New Study: Climate Change Responsible for 3 out of 4 Heat Waves
April 28, 2015
As we head into what may be yet another record summer, with 2015 trending toward record heat, I was up late watching a video created during the massive heat wave of 2012, one I called “Welcome to the Rest of Our Lives”. I think it captured a moment in time when an awful lot of of people started thinking seriously about the impacts of climate change.
Then there’s this:
A new study says 75% of extreme hot days and 18% of days with heavy rainfall worldwide can be explained by the warming we’ve seen over the industrial period.
In a future world with 2C warming above pre-industrial levels, almost all extreme hot days and 40% of heavy rainfall days will be down to rising temperatures, say the authors.
The new study, published today in Nature Climate Change, is the first to estimate how climate change has favoured some types of extreme event right across the globe.
And the message for policymakers is “striking”, says Prof Peter Stott, who leads the Met Office’s climate attribution team but who wasn’t involved in the study.
Extreme weather
Global temperature today is about 0.85C above what it was before the industrial revolution, and most of the rise is driven by human activity. But rising greenhouse gases mean more than an increase in global average temperature. It means changes in extreme weather, too.
Prof Reto Knutti from the Swiss Federal Institute of Technology in Zurich and co-author of the new study, tells Carbon Brief:
“Warmer temperatures overall create more hot days, and warmer air can hold and transport more moisture, which at some point must come down. These physical principles have been known for decades.”
If global warming can be brought under control as rapidly as many environmental activists would like, keeping global warming below three degrees Fahrenheit, the new study found that heat extremes might increase only 14-fold later this century, compared with their frequency in the preindustrial world.
But runaway emissions, causing the planet to warm by more than five degrees Fahrenheit, would lead to a 62-fold increase in heat extremes, the researchers found. Other studies have forecast levels of heat and humidity by late this century that could make it dangerous for people to work and play outside, possibly for weeks on end.
April 28, 2015 at 11:01 am
Comment by research meteorologist Martin Hoerling of the National Oceanic and Atmospheric Administration: “These new results should come as no surprise to anyone who has been following the science of climate change and variability”
University of Arizona climate scientist Jonathan Overpeck comments, “This new study helps get the actual probability or odds of human influence. This is key: If you don’t like hot temperature extremes that we’re getting, you now know how you can reduce the odds of such events by reducing greenhouse gas emissions.”
Peter Stott with the United Kingdom’s Hadley Centre: “The idea that almost half of heavy rainfall events would not have occurred were it not for climate change is a sobering thought for policymakers seeking to mitigate and adapt to climate change”

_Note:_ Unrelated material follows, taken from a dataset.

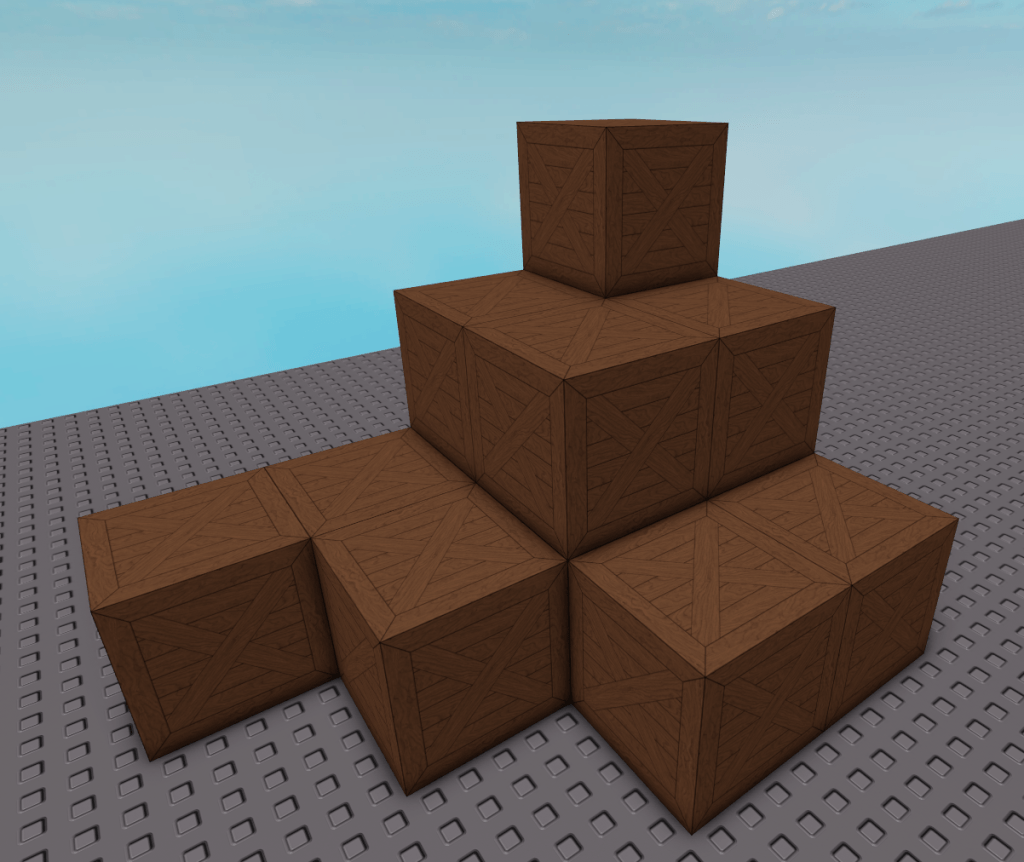 Or if you want, you can have a stack of crates and weld them together, and add the texture on top of the union. Granted I believe that it would still be better to have a dozen or so parts instead of a single union, I imagine there is a point where unioning a stake of crates together would see a performance improvement over a bunch of small crates. As an example, the next image is a single union.

April 28, 2015 at 11:07 am
Some recent research:
A review on climate change effects on vegetation – Past and future
There is significant current interest and research focus on the phenomenon of recent anthropogenic climate changes or global warming. Focus is on identifying the current impacts of climate change on vegetation and predicting these effects into the future. Changing climate variables relevant to the function and distribution of plants include increasing global temperatures, altered precipitation patterns and changes in season as well as the pattern of extreme weather such a cyclones, fires or storms. Evidences of these changes are inferred from changes in proxies, indicators that reflect climate such as vegetation, ice cores, dendrochronology, sea level change, glacial geology, and archaeological evidences. The main drivers of these changes have been temperature and carbondioxide as well as other greenhouse gases. These drivers increase at a much faster rate by anthropogenic activities than natural influences. Thus this review aims at analyzing at a large scale, the effects of these changes on different vegetation types and on biodiversity and the predictions of these effects on the future vegetation.
The Household Economy Approach. Managing the impact of climate change on poverty and food security in developing countries
Climate change is expected to have severe effects on the populations of developing countries because many of these depend heavily on agriculture for income, have large impoverished rural populations which rely on agriculture for subsistence, and are financially and technically least equipped to adapt to changing conditions.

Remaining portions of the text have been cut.